Osiris had submitted its marketing application to Medsafe, the medical regulatory agency in New Zealand, in May 2011. Prochymal was granted priority review status.
Prochymal is the first manufactured stem cell product to gain approval and the first treatment to gain approval for GvHD.
Besides being approved in Canada and New Zealand, we note that Prochymal is available under an Expanded Access Program (EAP) in seven countries including the US.
Our Take
Prochymal's approval in New Zealand is a boost for Osiris. Shares were up 13.75% on the news. Prochymal is the lead candidate at Osiris and represents significant commercial potential. Prochymal is currently being evaluated for other indications as well including refractory Crohn's disease (phase III), type I diabetes, and myocardial infarction (heart attack - phase II).
We currently have low visibility on the status of Osiris' development and commercialization agreement with Genzyme, a Sanofi ( SNY ) company, for Prochymal.

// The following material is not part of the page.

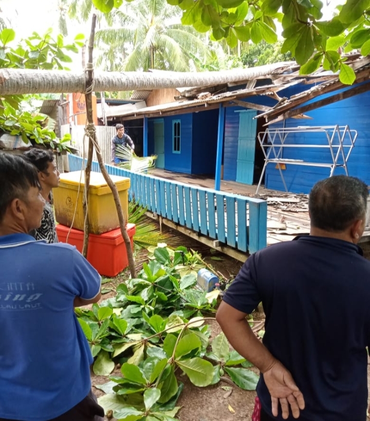Pasalnya, sebuah rumah yang terbuat dari kayu itu, mengalami musibah tertimpa pohon kelapa, akibat angin kencang yang melanda wilayah tersebut, pada Senin (11/07/2022) pagi.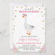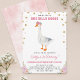 Ces invitations mignonnes à l'oie stupide sont parfaites pour toute petite fille qui fête un 1er anniversaire cette année. Le design est composé d'une oie d'aquarelle peinte à la main avec des accents de parties scintillant rose et or. Le libellé du modèle est facile à personnaliser et vous pouvez trouver des éléments de partie correspondants dans la collection.

Earlier this year, Sanofi, in its fourth quarter press release, had said that it has discontinued the development of Prochymal for GvHD.
Osiris said that the announcement was made without its knowledge or advice and clarified that Prochymal's development has not been discontinued. Although Osiris had not received any communication from Sanofi regarding the termination of their agreement, Osiris notified Sanofi that it is treating Sanofi's statement as an intention to terminate the agreement.
According to Osiris, all rights to Prochymal will return to Osiris without the company being required to compensate Sanofi. Osiris believes it can now pursue commercialization agreements for Prochymal with other parties.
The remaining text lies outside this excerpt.